Abstract:
Disclosed is an air conditioner includes a cabinet that is configured to mount on an indoor ceiling. The air conditioner also include a front panel that is coupled to the cabinet and having an air inlet and outlet. The air conditioner further include a suction panel that is coupled to the front panel and configured to move between an open positione in which air is able to circulate through the air conditioner and a closed position in which air is blocked from circulating through the air conditioner. The air conditioner further include a sensor unit that is mounted on the suction panel, that is configured to move together with the suction panel and that is configured to detect a position of a person in the indoor place. In addition, the air conditioner also include a controller adjusting a direction of air flow from the outlet based on the deteded position of the person.

Description:
CROSS-REFERENCE TO RELATED APPLICATIONS 
     The present application claims the benefits of priority to Korean Patent Application No. 10-2009-0001983 (filed on Jan. 9, 2009), which is herein incorporated by reference in its entirety. 
     FIELD 
     The present invention relates to an air conditioner. 
     BACKGROUND 
     Generally, an air conditioner, which is an apparatus for heating or cooling air using a refrigerant cycle, is sorted into a household air conditioner and an industrial air conditioner. 
     The household air conditioner may include a separate type air conditioner in that an indoor unit and an outdoor unit are separated and an integrated type air conditioner in that an indoor unit and an outdoor unit are combined. The indoor unit of the separate type air condition can be sorted into a wall mounted type indoor unit that is mounted on a wall, a standing type indoor unit that stands on a bottom part, and a ceiling type (or cassette type) indoor unit that is mounted on a ceiling. 
     A structure where an Infra-Red (IR) sensor or a Pyroelectric Infra-Red (PIR) sensor, etc., is mounted on one side of the indoor to concentratedly supply cool air or warm air to a spot of the space in which indoor resident is positioned has been disclosed. 
     SUMMARY 
     In one aspect, an air conditioner includes a cabinet configured to mount on an indoor ceiling. The air conditioner also includes a front panel coupled to the cabinet and having an air inlet and outlet. The air conditioner further includes a suction panel coupled to the front panel and configured to move between an open positione in which air is able to circulate through the air conditioner and a closed position in which air is blocked from circulating through the air conditioner. The air conditioner further includes a sensor unit that is mounted on the suction panel, that is configured to move together with the suction panel and that is configured to detect a position of a person in the indoor place. In addition, a controller configured to adjust a direction of air flow from the outlet based on the deteded position of the person. 

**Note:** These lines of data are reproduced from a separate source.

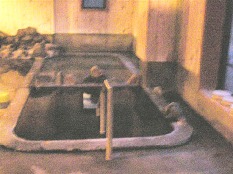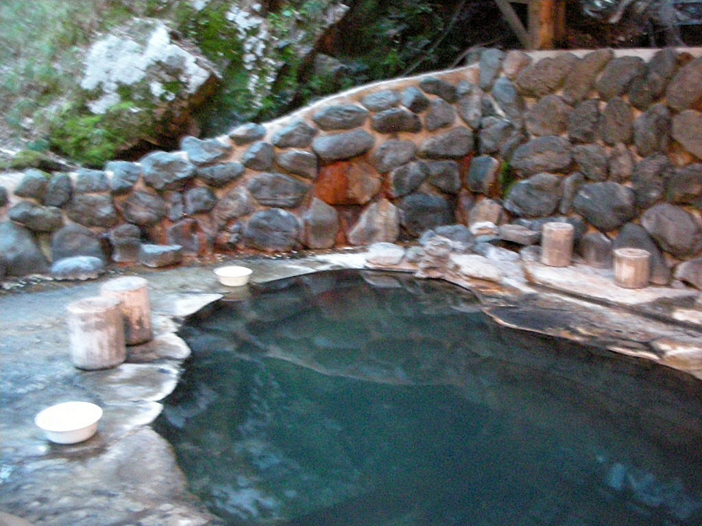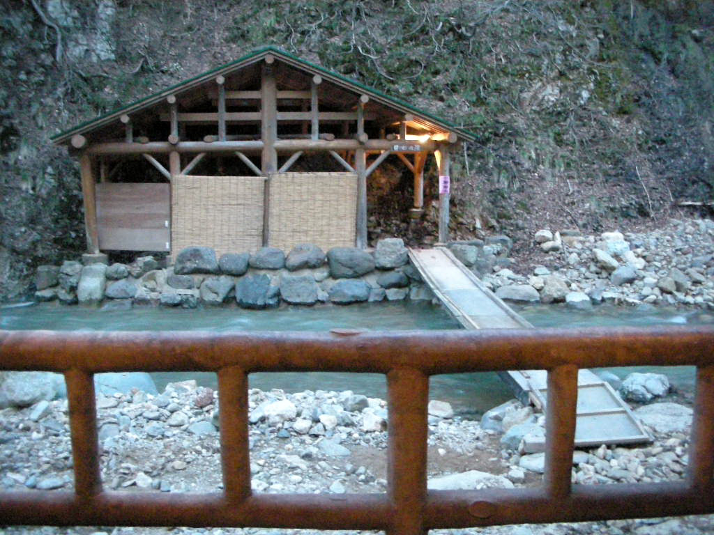 まず初めに「真湯」に入浴。入口こそ男女別に分かれてはいるが、棚だけの簡単な脱衣スペースの先に湯船が1つ。源泉は湯船の底から湧いており、新鮮なお湯がかけ流しとなってあふれている。40℃以下でぬるく、湯船も浅いので余計に寒く感じた。川はすぐそばに流れ、ざあざあという音が聞こえるのみ。対岸には「女(目)の湯」があるのだが、向こうにはすだれが掛かっているためご対面なんてことはない。そもそも客なんぞいなかったが。土手側の斜面は玉石積みの擁壁となっている。
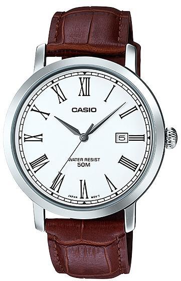 Мужские стильные часы с круглым металлическим корпусом на кожаном ремешке или стальном браслете. Традиционный дизайн. Минеральное стекло выпуклой формы. Циферблат с римскими цифрами. Водозащита 5 АТМ. Точный кварцевый механизм.
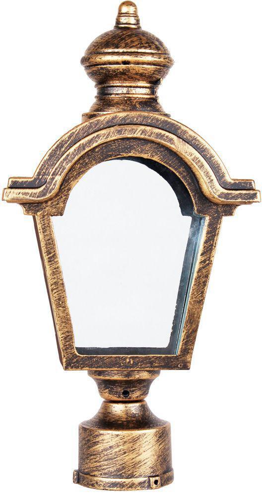 Светильник садово-парковый, серии «Византия» (НТУ) FERON PL4015 1*60W, E27, 230V, IP44, цвет черное золото, 4-х гранник, на столб, 170*100*330мм
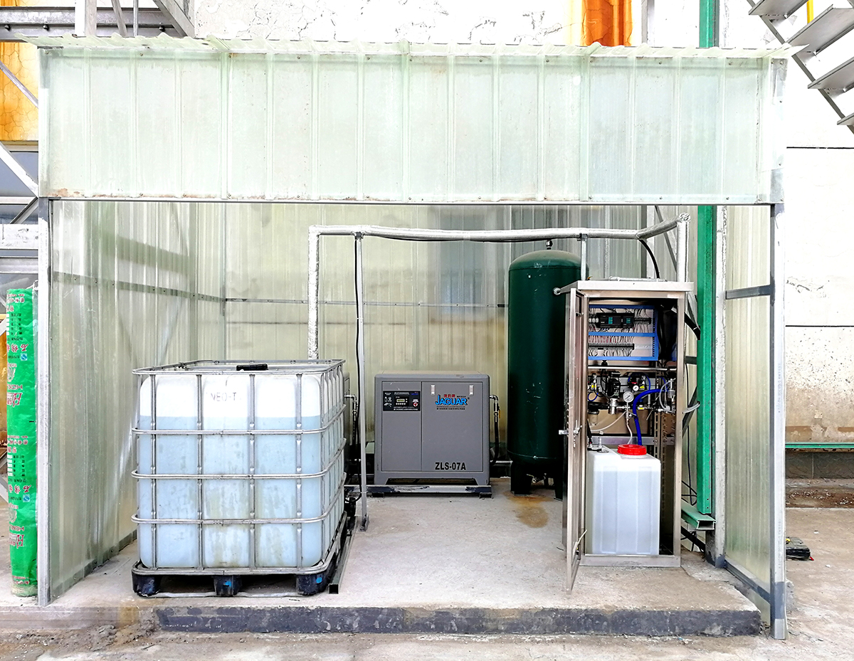 尿素溶液制備系統,因部分項目作為主力電站運行,尿素溶液使用量大,為降低運營成本需增加尿素溶液制備系統。尿素制備系統的控制系統采用PLC控制系統,該系統可以獨立運行,實現制備系統的現場操作,可監視尿素溶液儲存罐液位、泵出口流量、溫度及壓力等信號。散裝尿素顆粒經汽車運輸至尿素制備區,起重機及人工拆袋投放到尿素溶解配制罐。使用溶解罐內的蒸汽盤管將溶解水加熱至所需溫度,自動控制溶解水溫度。 啟動攪拌器,固體尿素經人工拆袋后投放到尿素溶解罐進行溶解,配置成32.5%濃度的尿素溶液。

     Implementations may include one or more of the following features. For example, the sensor unit is mounted on an edge part of the suction panel. The sensor unit is mounted on a central part of the suction panel. 
     In some implementations, The sensor unit includes a sensing element configured to rotate forward or reversely in response to a driving signal generated by a driving motor. The sensor unit also includes a sensor cover configured to cover the sensing element. The sensor cover is defined in a cylindrical shape or its bottom part has a convexly curved shape. The sensor cover is defined as an opaque body or material. 
     In some examples, the sensor unit further detects movement of the person in the indoor. The sensor unit further detects heat radiated from the person and generates a control signal to control a temperature of air output by the air conditioner based on comparing the detected the radient heat with a reference value. An amount of rotation of a discharge vane is adjusted by the controller. 
     In another aspect, an air conditioner includes a cabinet configured to mount on an indoor ceiling. The air conditioner also includes a front panel coupled to the cabinet. The air conditioner further includes a suction panel coupled to the front panel and configured to move between an open position in which air is able to circulate through the air conditioner and a closed position in which air is blocked from circulating through the air conditioner. The air conditioner further includes a sensor unit mounted on the suction panel configured to move together with the suction panel, configured to detect a position of a person and configured to start the detection in connection with movement of the suction panel during an initial stage of the air conditioner. In addition, a controller configured to adjust a direction of air flow from the outlet based on the deteded position of the person. 
     Implementations may include one or more of the following features. For example, the sensor unit includes a sensing element configured to rotate forward or reversely in response to a driving signal generated by a driving motor. The sensing unit also includes a sensor cover configured to cover the sensing element. 
     In some implementations, the sensor cover is defined in a cylindrical shape or its bottom part has a convexly curved shape. The sensor cover is defined as an opaque body or material. The sensor unit is configured to start the detection after the movement of the suction panel is completed. 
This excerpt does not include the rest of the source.